A state consists of (training model, conversation history) where conversation history is a collection of tuples s.t. a tuple contains <utterances asked, the corresponding predicted intent and the confidence value and the feedback received>. The RL model is now used to learn the action policy. The aim of the policy being learned is: how to combine feedback from users with the model confidence in order to improve overall accuracy and user satisfaction. We now describe the action policy learned using SARSA algorithm for reinforcement learning.

3.1 SARSA Algorithm for Learning Action Policies

The SARSA algorithm was implemented as follows in our setup. The goal of the algorithm is to learn the best action policies, that is, in a state which actions lead to best results. To come up with the state-action combinations, we started with following basic guideline policy for actions: (i) for all negative feedback intent-utterance pair, check if finding correct intent is suitable action or solution quality is an issue. (ii) for all negative feedback intent-utterance pair, check if assigning new intent is most appropriate action.

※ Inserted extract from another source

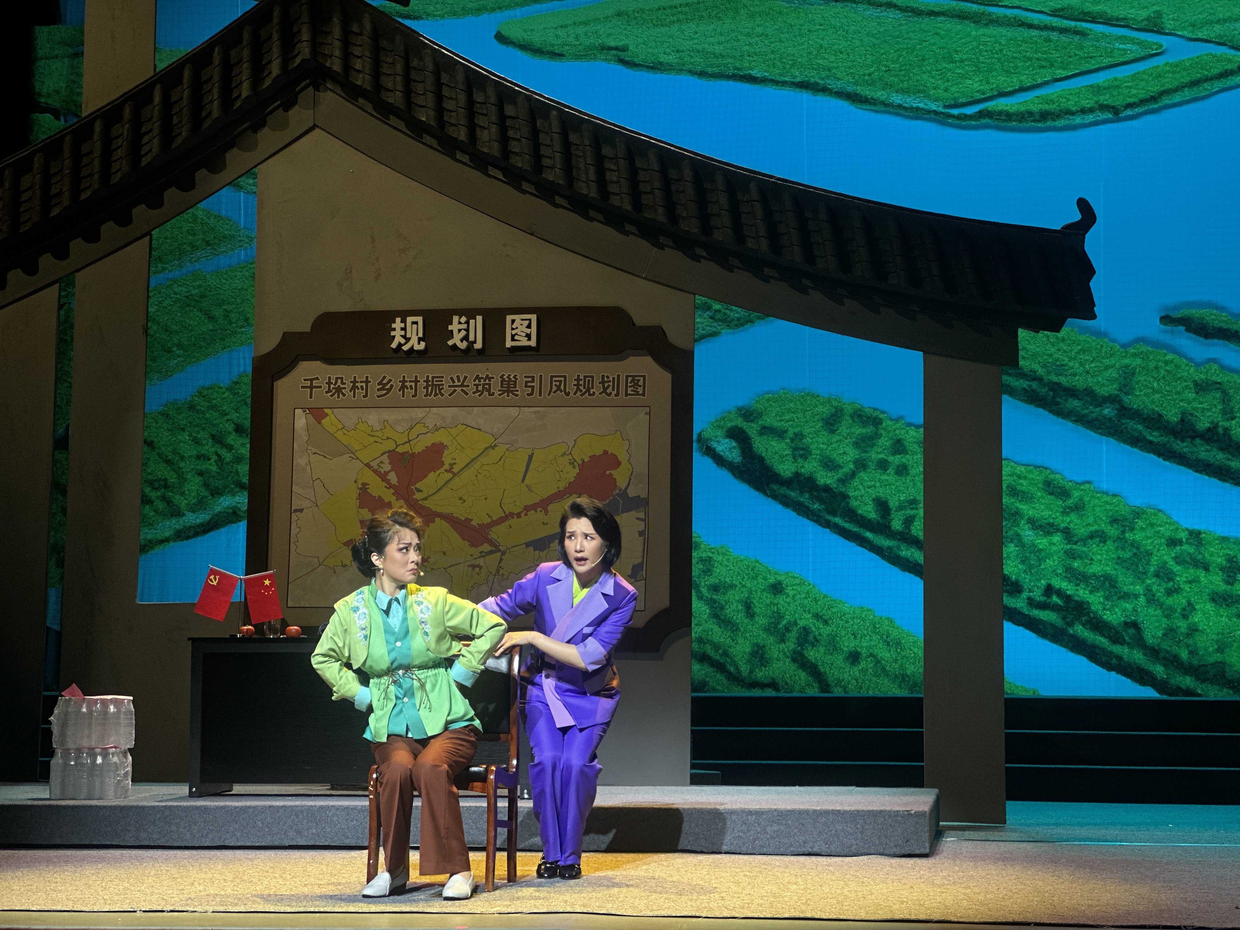 淮劇《油菜花開燕歸來》由興化市委宣傳部、興化市文體廣電和旅游局聯合打造,興化市淮劇團創排,是一部原創鄉村振興題材現代戲,通過“不蒸饅頭爭口氣”“村長患上失眠癥”“跌個跟頭抓把泥”“芝麻雖小榨出油”“高徒也能出名師”“秤砣雖小壓千斤”等喜劇化段落,以戲曲藝術特有的敘事手法,講述了基層女村干部鄭小琴在省委鄉村振興工作隊的支持下,筑巢引鳳,召喚年輕人回村,推動文旅融合,帶領村民開發文旅產業、建設詩畫莊園,將落后村莊改造成充滿活力的“青春村莊”“希望村莊”的心路歷程。全劇以生動的情節謳歌了基層干部的堅定黨性與為民情懷,展現了水鄉新農村推動鄉村振興的新風貌,既具現實溫度,又富藝術感染力。

Generate more training data in case of new intent are suggested. (iii) for positive feedback with low confidence threshold, the action is to add the utterance as a training example. The algorithm steps are listed below:

  1. 1.

    Compute training data accuracy in state \(s_t\), denote it by training_acc\({_t}\). Initially \(t=1\).

  2. 2.

    Run the system for a duration and collect feedback for epoch t. In house teams were used to carry out this step.

  3. 3.

    Manually analyze the utterances that got negative feedback. Take the best possible action for each utterance and note down the details of the tuple <Utterance, Intent_1, Confidence, Feedback, Action, Intent_2, {Training Examples}>. Intent_2 is populated in case of find correct intent or new intent actions. Training Examples are also populated in case the actions are to generate more training examples.

  4. 4.

    Analysis of the utterances that got positive feedback is done automatically as there is only one action possible. Update the same tuple structure as in 3.

  5. 5.

    Finalize the updates to training data for next epoch. Determine the training data accuracy with updates denoted training_acc\({_{t+1}}\).

  6. 6.

    Now, run the training model obtained from training_acc\({_{t+1}}\) on the utterances of epoch t as test data and get accuracy. Check how many of the utterances that had been taken action on have been predicted correctly as per manual expert judgment. This step is done to compute the rewards for the learnings made in this epoch.

  7. 7.

    Repeat 2 to 6 for each epoch \(t+1\), epoch \(t+2\) and so on till we gain confidence on state-actions combinations.

Fig. 3.
figure 3

Action Policy Flow Learned by RL agent

The action policies are learned manually by mapping the majority times a type of action was taken for a particular combination of confidence and feedback values across utterance, intent pairs. The action policies, which are effectively state-action possibilities, thus learned are illustrated in the Fig. 3. This figure shows that only a subset of \(\mathcal {U}\) is selected as actionable utterances based on negative/positive feedback and high/low confidence. Thresholds are used to decide what is high/low and positive/negative. The actionable utterances are either subjected to direct action e.g. in case of positive feedback but low confidence or they are subjected to analyses namely, confusion analysis and new intent possibilities analysis to take the decision for type of action. We would like to note here that these decision making analyses are partially automated. Same is true for actions also. This is marked in the Fig. 3 with green color showing fully automated process while grey color shows manual intervention is needed at some point to complete the analysis/action. A mix of the two colors indicates partial automation. For e.g. finding correct intent is partially automated. The analysis for deciding actions is explained below.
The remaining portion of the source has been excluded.